• **Task requirements**:
Your answer must be the full listing, word for word, with no images in it.

• **The data**:
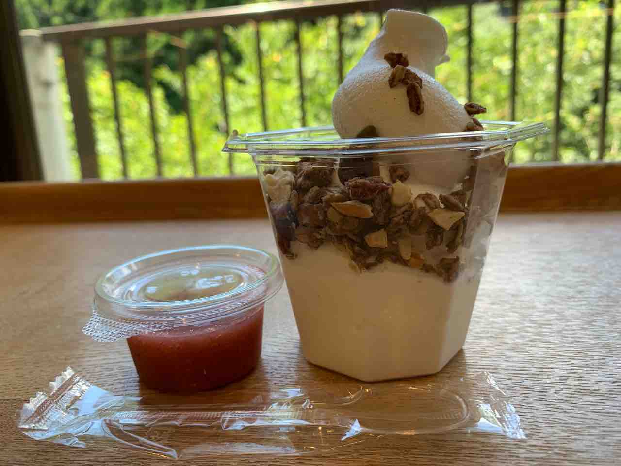 グラノーラは牛乳やヨーグルトで食べることが多いのですが、ソフトクリームにグラノーラも相性が抜群です。
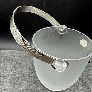 Vintage Creazioni Silvestri Arte Murano Crystal Ice Bucket with Tongs - Frosted Crystal Glass with metal rose applique - Murano Glass - Made in ItalyThis is a unique art glass ice bucket by Creazioni Silvestri and was made in Italy in Murano. The heavy glass is beautifully shaped and has leaf and rose design. A Silvestri sticker is affixed to the bucket.The bucket is 5" tall (9 1/4" tall with handle raised) and the bucket opening is 4 ½ inches in diameter. It is in very good overall vintage condition with no chips, cracks or crazing noted. The silver tone handle and thongs are in good condition with some small areas of tarnishing or water marks that can likely be polished out. There is some wear on the rim of the bucket. Please see pictures for overall condition.
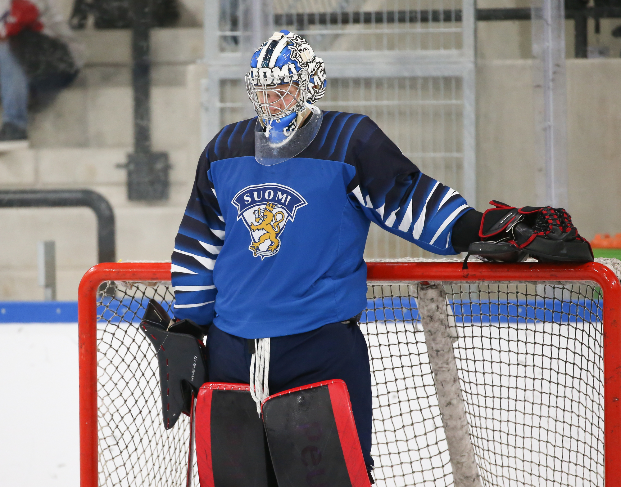 The Finns came back hard on the next shift and Kaskimaki hit the cross bar. They tied it at 9:05 when Aron Kiviharju’s shot from the point was tipped by Kemell, who also served as a screen for Michael Schnattinger.

• **Result**:
 グラノーラは牛乳やヨーグルトで食べることが多いのですが、ソフトクリームにグラノーラも相性が抜群です。
 Vintage Creazioni Silvestri Arte Murano Crystal Ice Bucket with Tongs - Frosted Crystal Glass with metal rose applique - Murano Glass - Made in ItalyThis is a unique art glass ice bucket by Creazioni Silvestri and was made in Italy in Murano. The heavy glass is beautifully shaped and has leaf and rose design. A Silvestri sticker is affixed to the bucket.The bucket is 5" tall (9 1/4" tall with handle raised) and the bucket opening is 4 ½ inches in diameter. It is in very good overall vintage condition with no chips, cracks or crazing noted. The silver tone handle and thongs are in good condition with some small areas of tarnishing or water marks that can likely be polished out. There is some wear on the rim of the bucket. Please see pictures for overall condition.
 The Finns came back hard on the next shift and Kaskimaki hit the cross bar. They tied it at 9:05 when Aron Kiviharju’s shot from the point was tipped by Kemell, who also served as a screen for Michael Schnattinger.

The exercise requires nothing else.